Pointing out that the price of butter has decreased over the past years, Wuethrich stated, “In 1950, the price of a pound of butter was over a $1 retail, and today the price averages 84¢. This is just one thing that has gone down, rather than up in our society.”

Born and raised in the Greenwood area, Dallas Wuethrich began his career in the creamery in 1967. He graduated from Greenwood High School in 1964, and attended the UW-River Falls for three years. He stated that he gradually worked into the position held by his uncle, Allen Wuethrich, who is presently semi-retired from the business, gut at one time was one of the principal figures in the grown of the business. Wuethrich is a member of the Greenwood Lions Club, and is presently secretary for the Wisconsin Dairy Products Association. He stated that, “everyone seems to be involved with the production and distribution of the butter that comes from the plant. “Working at the creamery is a rewarding experience and something that brings great satisfaction.”

Being president of the creamery and one of the sons of the original owners, John D. Wuethrich has become a familiar figure on state, county, and national organization, and associations. He is a graduate of Greenwood High School and attended Lawrence College.

In 1973, he was honored for his contributions and dedication to the 4-H Clubs. Himself a 4-H member for ten years, he has served as 4-H dairy project leader for 28 years. As dairy leader, he has been instrumental in assisting many young dairy members get started with registered Holstein cattle. His interest and support of the 4-H Clubs also reaches beyond the county. He has contributed financially to Wisconsin 4-H dairy programs through the 4-H Dairy Foundation, and even prior to the Foundation’s organization in 1954. The award that he received was “Friend of the 4-H and Extension Award” which was given to him at the 4-H Club Congress. He is a director on the Board of the Wisconsin 4-H Foundation.
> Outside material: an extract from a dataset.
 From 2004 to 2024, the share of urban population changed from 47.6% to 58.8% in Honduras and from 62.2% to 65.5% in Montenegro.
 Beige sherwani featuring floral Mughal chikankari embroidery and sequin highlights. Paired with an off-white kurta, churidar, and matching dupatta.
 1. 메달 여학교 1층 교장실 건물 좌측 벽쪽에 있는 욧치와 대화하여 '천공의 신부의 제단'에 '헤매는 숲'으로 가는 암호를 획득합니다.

Wuethrich is also a member of the Holstein Breeders Association at county, state, and national levels, a former director of the Wisconsin Holstein Breeders Association, a former member and past president of the Clark County Quality Milk Improvement Association, and former director of both the National Butter Institute, and the Wisconsin Creameries Association. He is presently on the board of directors of both the Central Wisconsin State Fair, and the Northern Wisconsin State Fair. He has been a director of the Neillsville State Bank since 1958, and is also on the Board of Directors of the Clark County Cancer Society. In 1968, he received a testimonial from the UW-Madison for his participation in area, state, and national diary organizations, and supporter of community activities. The testimonial also notes his outstanding progress as a dairy farmer, a dairy cattle breeder, and notes his contributions to the field of agriculture.
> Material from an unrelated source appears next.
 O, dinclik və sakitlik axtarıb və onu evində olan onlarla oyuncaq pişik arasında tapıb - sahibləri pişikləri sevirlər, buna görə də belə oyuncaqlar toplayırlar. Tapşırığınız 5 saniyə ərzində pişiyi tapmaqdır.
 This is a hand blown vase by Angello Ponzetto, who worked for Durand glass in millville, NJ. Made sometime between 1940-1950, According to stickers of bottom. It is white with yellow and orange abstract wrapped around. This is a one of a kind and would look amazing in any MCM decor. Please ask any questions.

After 70 years of business and the same name, the Wuethrich Creamery Company, and Grassland Dairy Products has made its contribution to the furthering of agriculture at the county, state, and national level.

Being one of few creameries in the state that has survived the rising cost of operation without a price increase noted on the finished product, Wuethrich Creamery, along with Dallas and John D. Wuethrich, are saluted!